DevOps Transformation
| Oleksiy Volkov |
04 January 2020
Microservices are taking our industry by storm – the benefits of loose coupling, process isolation and independent deployments are becoming quite clear to both developers and broader enterprises. What is often less clear (and is frequently forgotten or outright ignored) is the impact that managing and keeping the lights on for hundreds of discrete microservices has on DevOps and site reliability teams. The traditional approach of using standardised code libraries for enabling network resilience or run-time monitoring typically doesn’t scale in polyglot environments, and often runs into maintainability and enforcement issues. Thus, the alternative – isolating and separating these concerns into an external, out of process runtime component centrally managed by DevOps teams – became the core concept behind modern service meshes.

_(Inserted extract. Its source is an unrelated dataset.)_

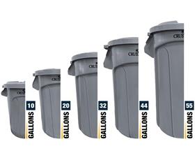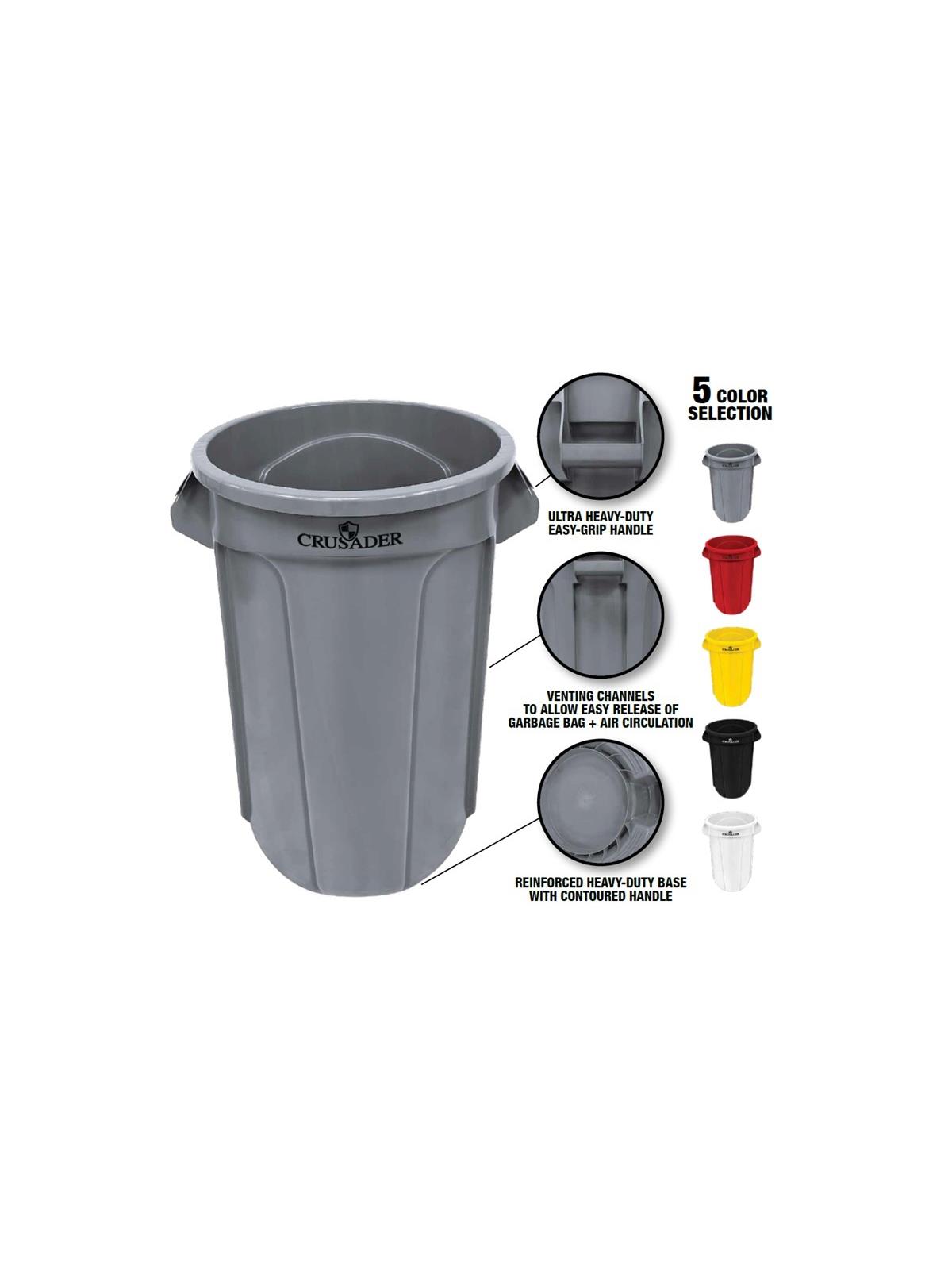 Our heavy-duty CRUSADER Round Trash Cans feature a proprietary design crafted from premium polymer resin, including a UV inhibitor, ensuring durability and longevity, even in the harshest commercial and insutrial environments. FOB Shipping Point.
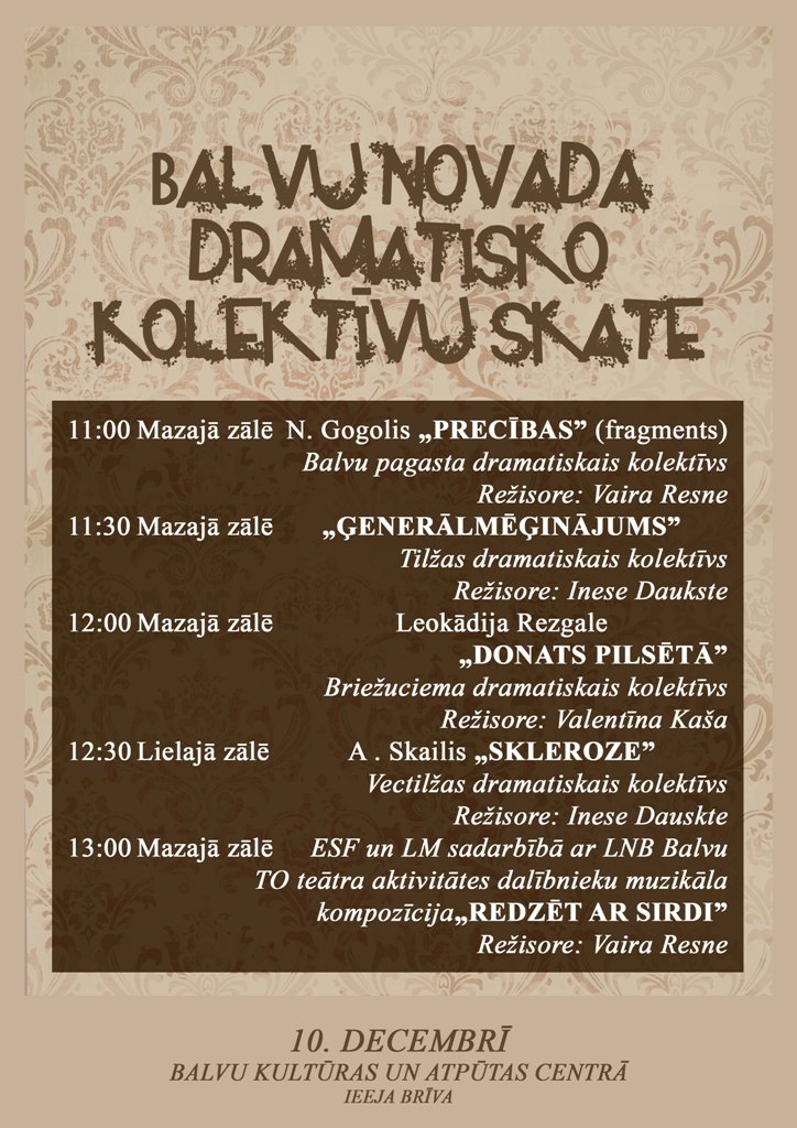 Sastdiņ, 10. decembrī 11:00 Bolvūs nūtyks Bolvu nūvoda dramatiskūs kolektivu skate, kurymā ar sovom izruodem pīsadaleis nūvoda kolektivi nu Bolvim, Bolvu pogosta, Tilžys, Brīžucīma i Vactilžys. Īeja pasuocīni bez moksys.

The rough perimeter of the problem space tackled by modern service meshes is usually defined as follows:
(1) reliable service (both external and cross-service) communications
(2) dynamic traffic routing and shaping
(3) continuous and easy observability and monitoring
(4) configuration management and security.

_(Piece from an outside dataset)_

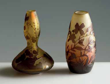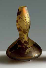Gallé. Piccolo vaso in vetro a cammeo con collo oblungo e decoro a bacche,...
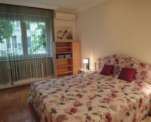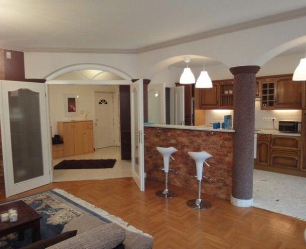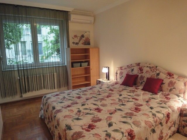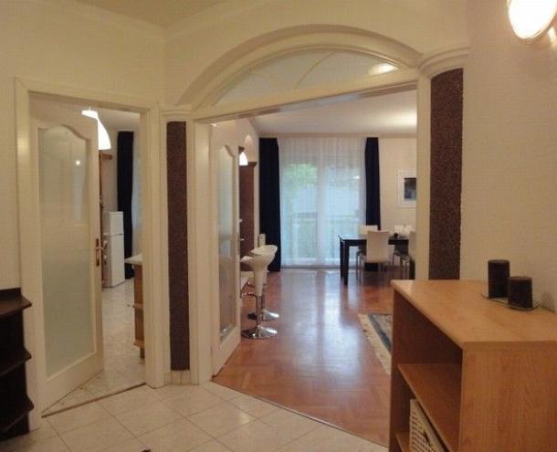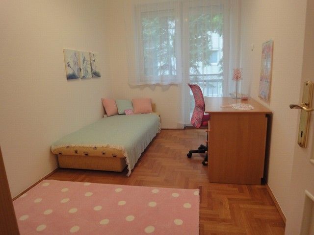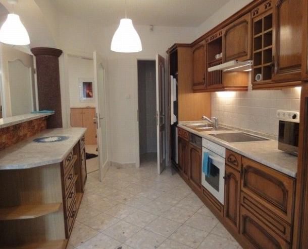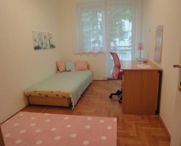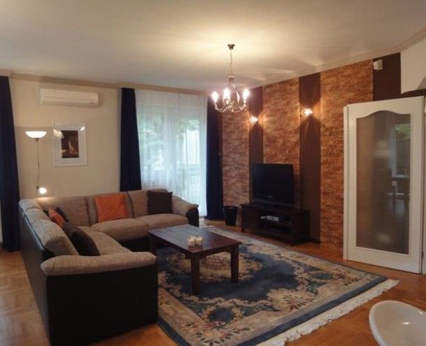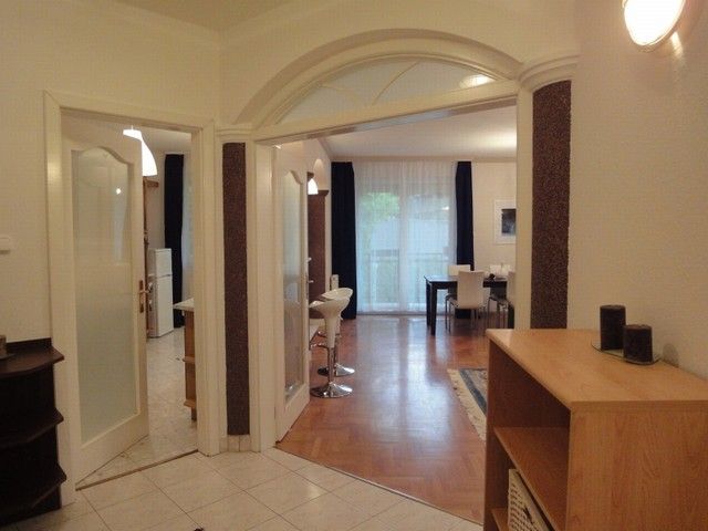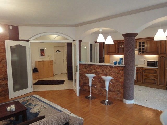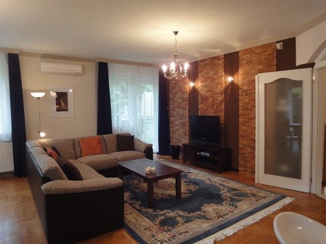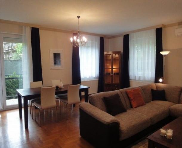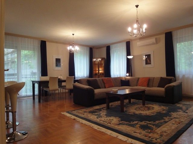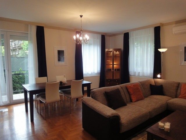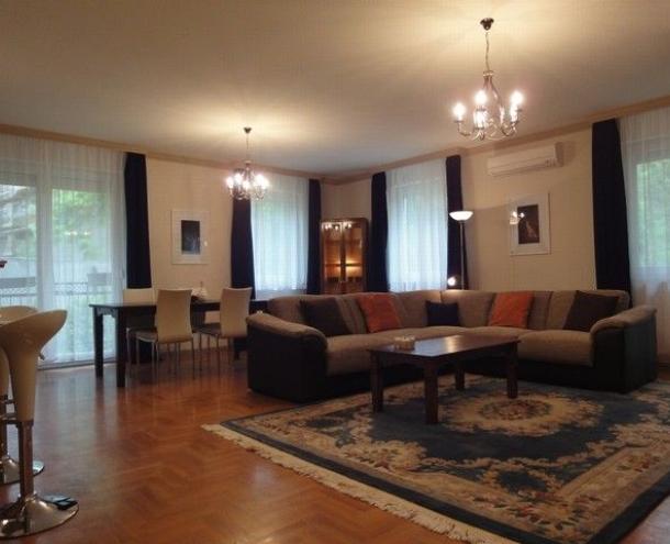 SPACIOUS APARTMENT, nice garden, excellent public transport!! 116 sqm flat for rent on 1st floor (elevator) in a 14-flat house, built in 2003, at the beginning of Hűvösvölgyi út. The apartment consists of a large living room with open-plan kitchen and a balcony, 3 separated bedrooms with common balcony, 1 bathroom (bathtub, doubla wash basin, toilet, bidet), 1 shower with toilet and a laundry room. There are alarm system and air-conditioner in this furnished flat. The common cost is 51.300 HUF/month. Garage for 1 car and a storage room in the cellar belong to it. Small pets are welcome! Available from 15th of April 2026.

Let’s break these down further so we can better understand some of the practical use-case scenarios and benefits from using a service mesh.
The key building block of all service meshes today is a service proxy which is typically implemented using a “side car” pattern. A side car proxy is effectively a separate component that gets deployed in its own process and/or container space and takes over communications between a microservice and external world. This is usually achieved seamlessly via port redirection and typically requires zero code changes on the application side (one of the main reasons that service meshes today are more popular then network resilience libraries of yore). A sample traffic flow for a data plane and side car proxy pattern is shown below.
A service proxy effectively takes over both north/south and east/west communications and provides a data plane, which can enforce the following patterns to ensure application resilience in case of an adversarial network, compute or traffic situation:
Circuit breaking - preventing global/cascading outages caused by local slowdowns in the stack by quickly disconnecting appropriate services or components.
Automatic retries - ensuring that intermittent downstream issues do not cause massive functional failures in the consuming applications.
Health checks - ensuring that services are up and operational and being able to detect and remove bad services/nodes from load balancing rotations.
Backpressure/rate limits - being able to dynamically respond to and control inbound traffic in cases of overload situations with downstream services or performance or capacity issues with the service proxy itself.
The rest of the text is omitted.